## Activity
Take the lines below from the one with "Don just called" through the one with "Athletico Ski Boot" and retype them exactly. Include nothing else, and no pictures.

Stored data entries
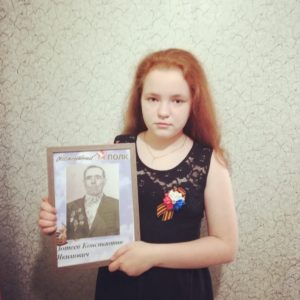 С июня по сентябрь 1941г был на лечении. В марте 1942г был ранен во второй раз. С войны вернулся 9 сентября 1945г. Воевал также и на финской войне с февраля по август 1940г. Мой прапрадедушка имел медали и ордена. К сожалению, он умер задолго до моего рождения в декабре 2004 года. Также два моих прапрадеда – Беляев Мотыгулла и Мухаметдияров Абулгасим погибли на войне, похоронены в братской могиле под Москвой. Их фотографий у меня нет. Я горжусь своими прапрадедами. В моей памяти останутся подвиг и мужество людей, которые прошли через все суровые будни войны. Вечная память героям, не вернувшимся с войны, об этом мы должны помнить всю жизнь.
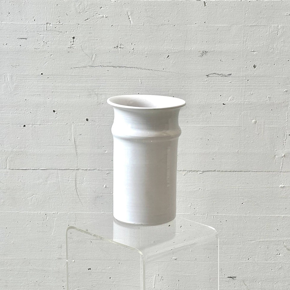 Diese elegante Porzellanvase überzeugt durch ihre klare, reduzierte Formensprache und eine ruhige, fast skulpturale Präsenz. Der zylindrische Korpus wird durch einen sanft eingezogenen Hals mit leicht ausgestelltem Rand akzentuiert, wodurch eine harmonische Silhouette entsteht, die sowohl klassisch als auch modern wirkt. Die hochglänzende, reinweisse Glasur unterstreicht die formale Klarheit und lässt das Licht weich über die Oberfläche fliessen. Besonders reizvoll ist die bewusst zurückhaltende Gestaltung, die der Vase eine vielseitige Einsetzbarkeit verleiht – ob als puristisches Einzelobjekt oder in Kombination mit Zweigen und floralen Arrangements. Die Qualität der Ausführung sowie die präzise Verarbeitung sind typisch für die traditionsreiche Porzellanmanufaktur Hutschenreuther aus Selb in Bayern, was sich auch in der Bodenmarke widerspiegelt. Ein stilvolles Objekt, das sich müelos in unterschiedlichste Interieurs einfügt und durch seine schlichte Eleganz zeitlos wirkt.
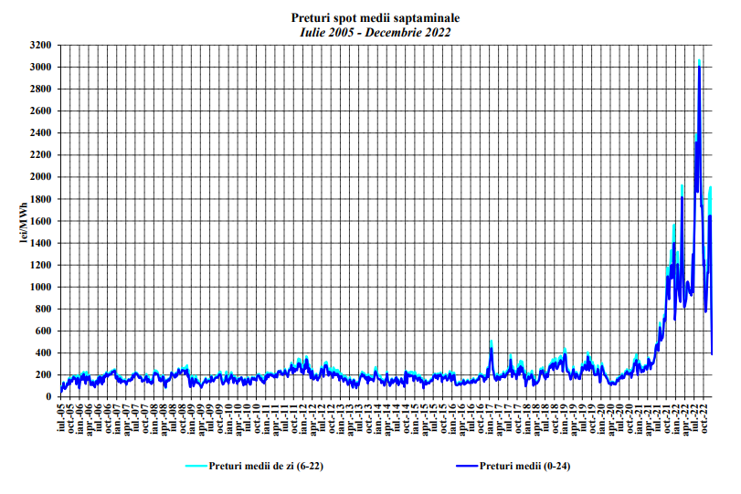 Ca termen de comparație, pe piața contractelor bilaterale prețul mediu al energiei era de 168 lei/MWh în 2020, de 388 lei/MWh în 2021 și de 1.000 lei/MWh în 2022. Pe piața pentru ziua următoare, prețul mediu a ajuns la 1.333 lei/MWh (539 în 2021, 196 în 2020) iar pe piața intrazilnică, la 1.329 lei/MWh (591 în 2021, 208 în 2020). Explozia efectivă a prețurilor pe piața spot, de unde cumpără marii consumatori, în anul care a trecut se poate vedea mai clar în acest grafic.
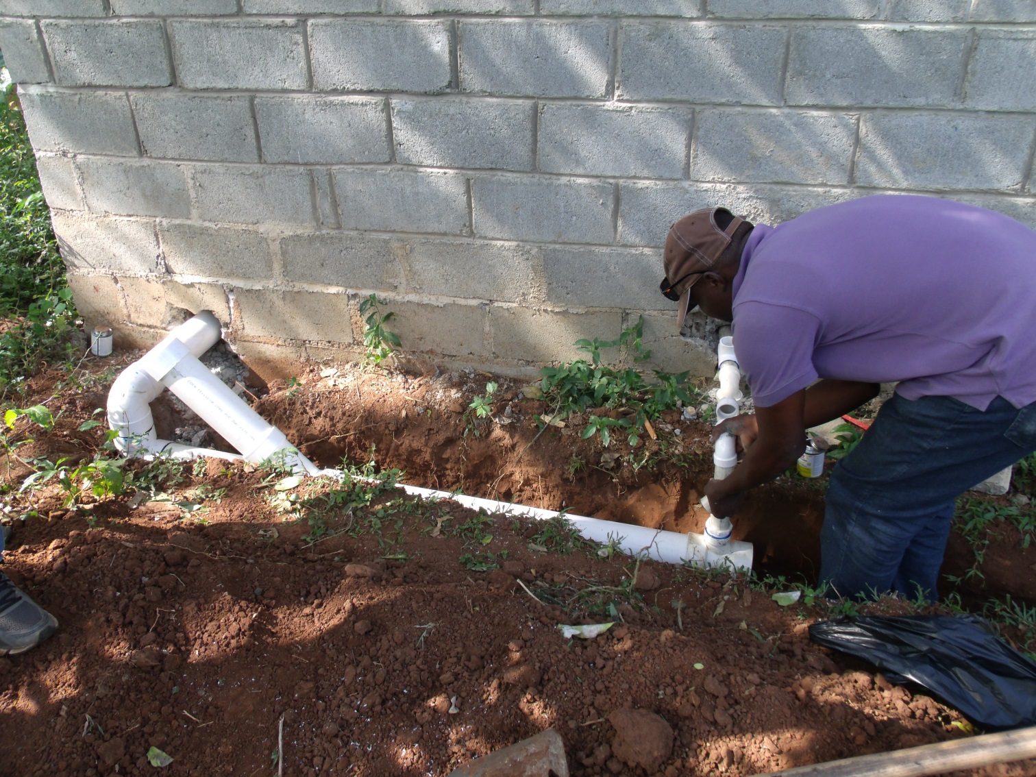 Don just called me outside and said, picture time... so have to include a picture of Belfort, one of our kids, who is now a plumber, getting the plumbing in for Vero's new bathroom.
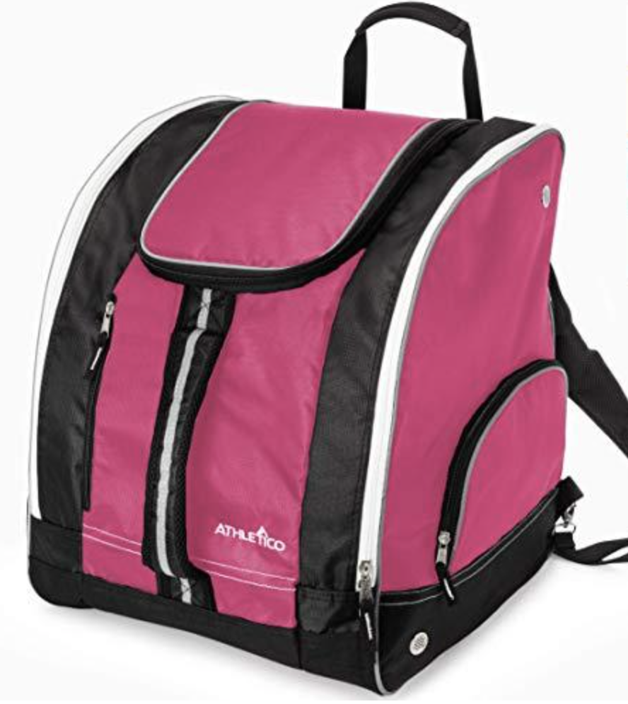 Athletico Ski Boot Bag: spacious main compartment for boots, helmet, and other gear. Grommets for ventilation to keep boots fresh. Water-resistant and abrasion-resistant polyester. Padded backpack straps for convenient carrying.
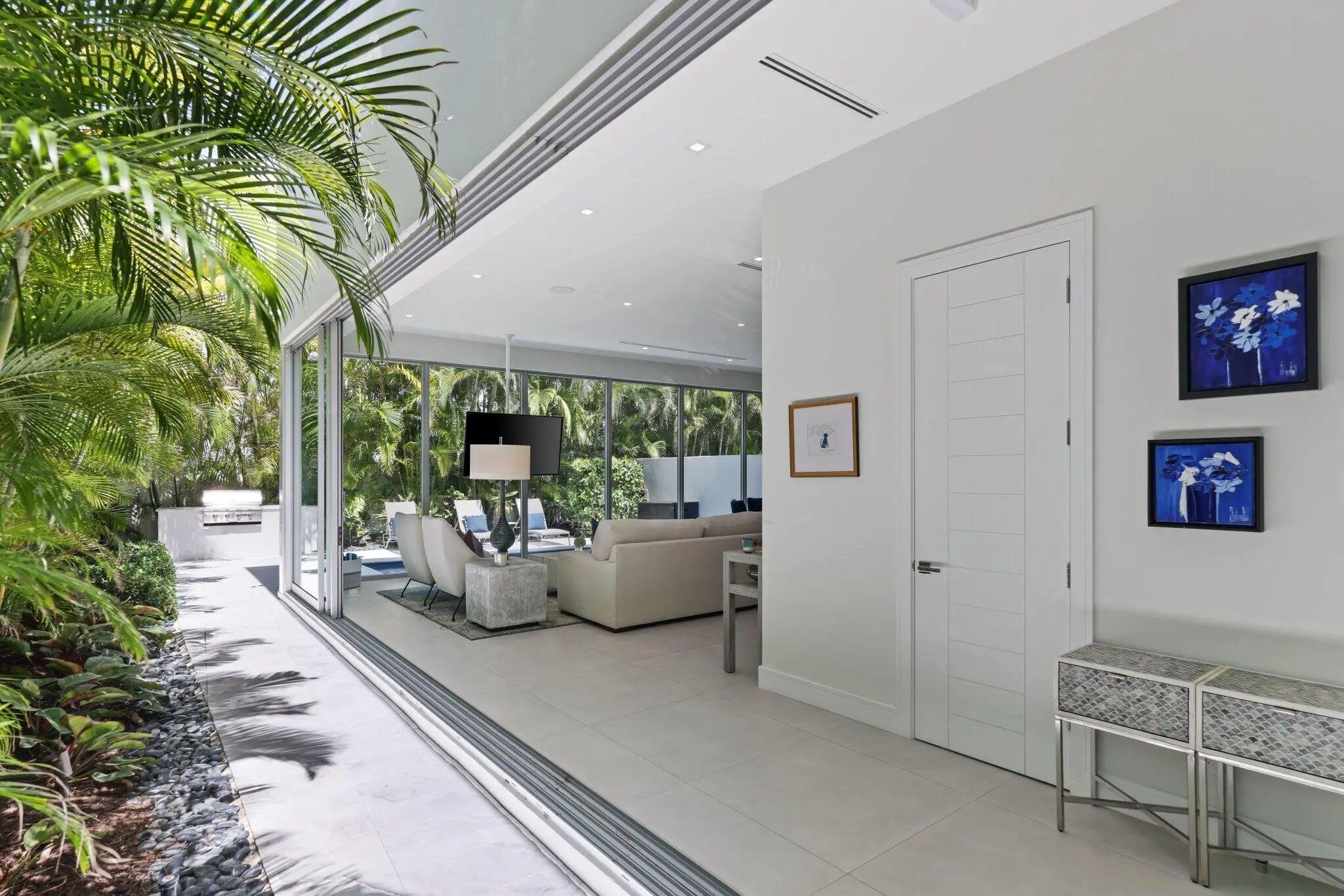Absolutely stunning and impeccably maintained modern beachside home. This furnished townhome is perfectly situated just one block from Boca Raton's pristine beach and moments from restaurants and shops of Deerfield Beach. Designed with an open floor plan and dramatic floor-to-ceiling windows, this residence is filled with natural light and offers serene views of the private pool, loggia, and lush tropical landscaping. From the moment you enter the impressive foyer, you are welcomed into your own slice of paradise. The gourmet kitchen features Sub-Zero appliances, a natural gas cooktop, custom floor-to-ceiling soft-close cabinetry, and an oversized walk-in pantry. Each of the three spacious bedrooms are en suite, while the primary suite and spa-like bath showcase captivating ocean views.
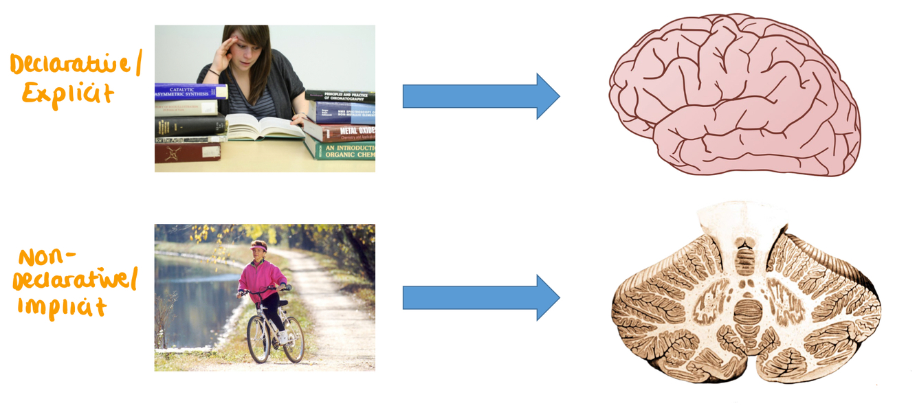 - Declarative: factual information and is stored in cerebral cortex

## Answer to the exercise
 Don just called me outside and said, picture time... so have to include a picture of Belfort, one of our kids, who is now a plumber, getting the plumbing in for Vero's new bathroom.
 Athletico Ski Boot Bag: spacious main compartment for boots, helmet, and other gear. Grommets for ventilation to keep boots fresh. Water-resistant and abrasion-resistant polyester. Padded backpack straps for convenient carrying.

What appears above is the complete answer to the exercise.